▸ Exercise: All of the listing is to be written out word for word, with the pictures left out.
[Supplied material Boundary: Start]
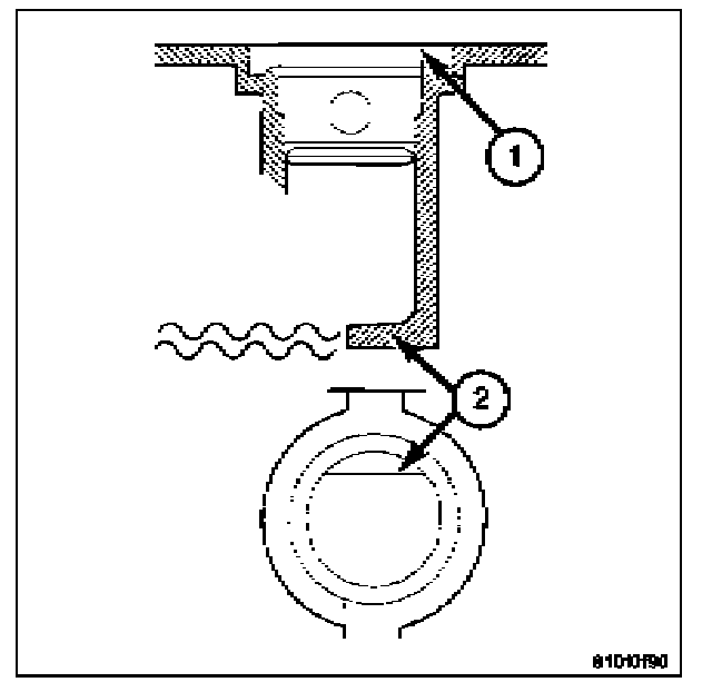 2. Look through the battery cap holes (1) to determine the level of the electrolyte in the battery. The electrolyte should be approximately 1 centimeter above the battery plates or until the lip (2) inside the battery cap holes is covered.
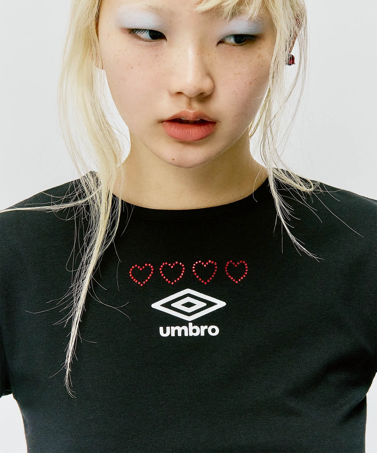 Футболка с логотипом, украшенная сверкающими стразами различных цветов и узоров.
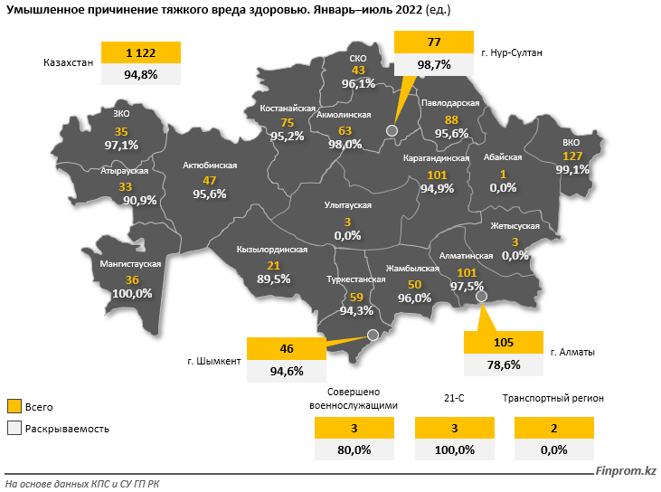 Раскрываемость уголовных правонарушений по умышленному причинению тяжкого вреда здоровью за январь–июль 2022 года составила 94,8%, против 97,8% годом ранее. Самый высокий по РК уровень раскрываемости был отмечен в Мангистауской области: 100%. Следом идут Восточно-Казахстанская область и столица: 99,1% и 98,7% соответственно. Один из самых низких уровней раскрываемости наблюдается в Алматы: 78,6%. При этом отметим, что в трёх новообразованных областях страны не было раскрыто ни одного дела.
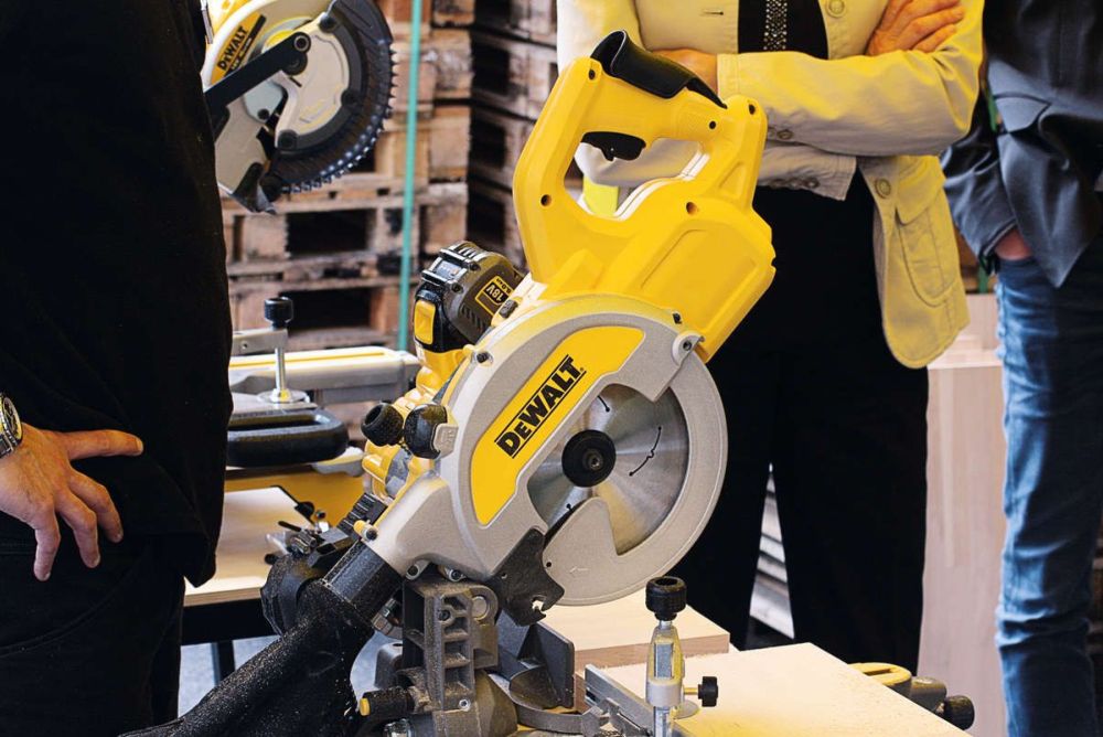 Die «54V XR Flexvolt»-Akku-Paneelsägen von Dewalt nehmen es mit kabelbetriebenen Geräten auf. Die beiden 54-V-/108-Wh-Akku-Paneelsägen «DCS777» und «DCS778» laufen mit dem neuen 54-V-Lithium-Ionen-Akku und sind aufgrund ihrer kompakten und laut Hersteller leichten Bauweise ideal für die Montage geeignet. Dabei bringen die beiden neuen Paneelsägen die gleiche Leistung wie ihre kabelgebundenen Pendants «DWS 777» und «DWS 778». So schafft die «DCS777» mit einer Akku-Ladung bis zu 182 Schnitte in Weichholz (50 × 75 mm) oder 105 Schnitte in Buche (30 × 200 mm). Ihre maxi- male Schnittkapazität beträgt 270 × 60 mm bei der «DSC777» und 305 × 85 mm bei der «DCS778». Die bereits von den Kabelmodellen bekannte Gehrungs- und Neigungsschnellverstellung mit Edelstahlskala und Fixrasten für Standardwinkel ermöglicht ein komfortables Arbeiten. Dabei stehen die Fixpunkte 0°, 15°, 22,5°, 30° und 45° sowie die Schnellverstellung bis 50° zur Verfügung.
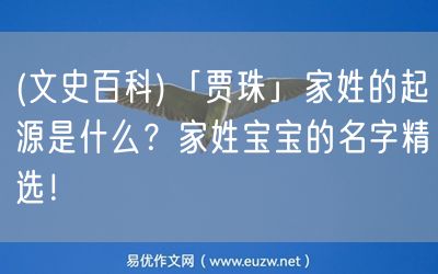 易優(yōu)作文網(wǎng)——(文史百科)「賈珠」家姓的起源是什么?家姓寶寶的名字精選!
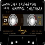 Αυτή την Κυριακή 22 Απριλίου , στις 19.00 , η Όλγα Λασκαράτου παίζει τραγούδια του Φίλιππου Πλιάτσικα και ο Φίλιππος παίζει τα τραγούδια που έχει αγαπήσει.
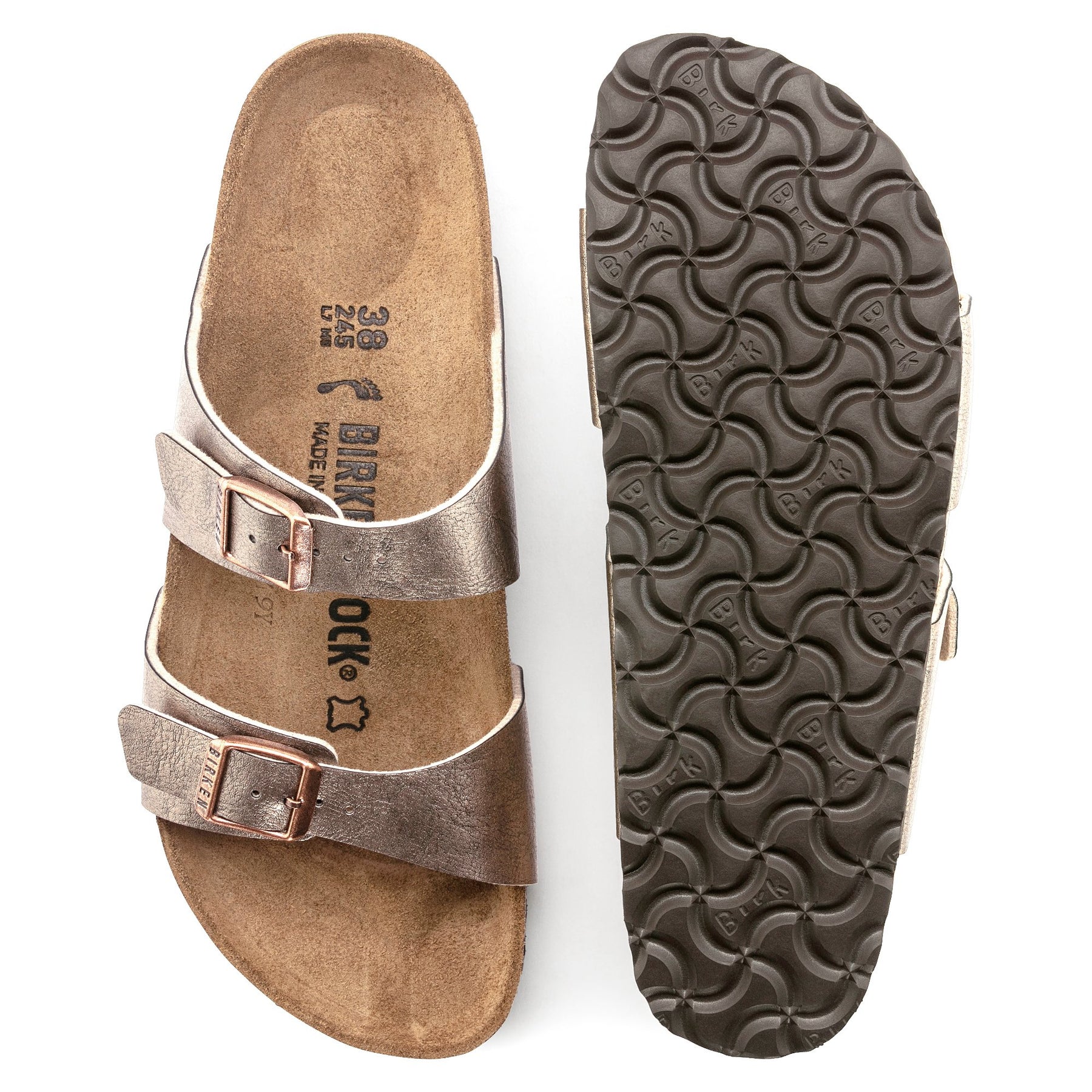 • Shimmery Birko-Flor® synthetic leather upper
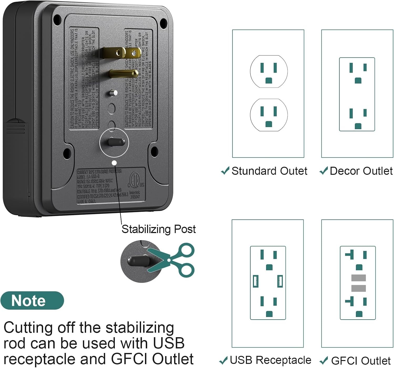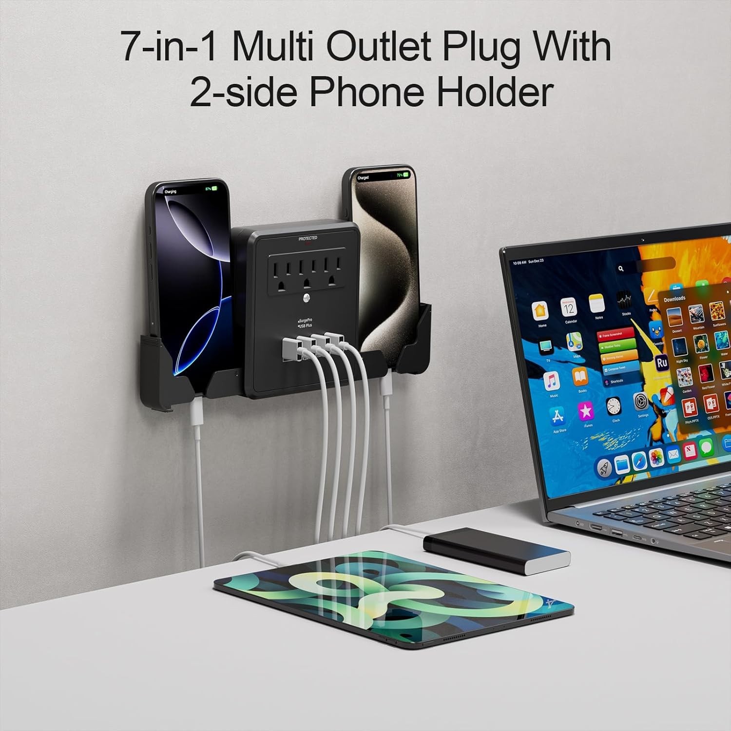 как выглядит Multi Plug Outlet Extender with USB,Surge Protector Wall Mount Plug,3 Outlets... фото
[Supplied material Boundary: End]
▸ Response area:
 2. Look through the battery cap holes (1) to determine the level of the electrolyte in the battery. The electrolyte should be approximately 1 centimeter above the battery plates or until the lip (2) inside the battery cap holes is covered.
 Футболка с логотипом, украшенная сверкающими стразами различных цветов и узоров.
 Раскрываемость уголовных правонарушений по умышленному причинению тяжкого вреда здоровью за январь–июль 2022 года составила 94,8%, против 97,8% годом ранее. Самый высокий по РК уровень раскрываемости был отмечен в Мангистауской области: 100%. Следом идут Восточно-Казахстанская область и столица: 99,1% и 98,7% соответственно. Один из самых низких уровней раскрываемости наблюдается в Алматы: 78,6%. При этом отметим, что в трёх новообразованных областях страны не было раскрыто ни одного дела.
 Die «54V XR Flexvolt»-Akku-Paneelsägen von Dewalt nehmen es mit kabelbetriebenen Geräten auf. Die beiden 54-V-/108-Wh-Akku-Paneelsägen «DCS777» und «DCS778» laufen mit dem neuen 54-V-Lithium-Ionen-Akku und sind aufgrund ihrer kompakten und laut Hersteller leichten Bauweise ideal für die Montage geeignet. Dabei bringen die beiden neuen Paneelsägen die gleiche Leistung wie ihre kabelgebundenen Pendants «DWS 777» und «DWS 778». So schafft die «DCS777» mit einer Akku-Ladung bis zu 182 Schnitte in Weichholz (50 × 75 mm) oder 105 Schnitte in Buche (30 × 200 mm). Ihre maxi- male Schnittkapazität beträgt 270 × 60 mm bei der «DSC777» und 305 × 85 mm bei der «DCS778». Die bereits von den Kabelmodellen bekannte Gehrungs- und Neigungsschnellverstellung mit Edelstahlskala und Fixrasten für Standardwinkel ermöglicht ein komfortables Arbeiten. Dabei stehen die Fixpunkte 0°, 15°, 22,5°, 30° und 45° sowie die Schnellverstellung bis 50° zur Verfügung.
 易優(yōu)作文網(wǎng)——(文史百科)「賈珠」家姓的起源是什么?家姓寶寶的名字精選!
 Αυτή την Κυριακή 22 Απριλίου , στις 19.00 , η Όλγα Λασκαράτου παίζει τραγούδια του Φίλιππου Πλιάτσικα και ο Φίλιππος παίζει τα τραγούδια που έχει αγαπήσει.
 • Shimmery Birko-Flor® synthetic leather upper
 как выглядит Multi Plug Outlet Extender with USB,Surge Protector Wall Mount Plug,3 Outlets... фото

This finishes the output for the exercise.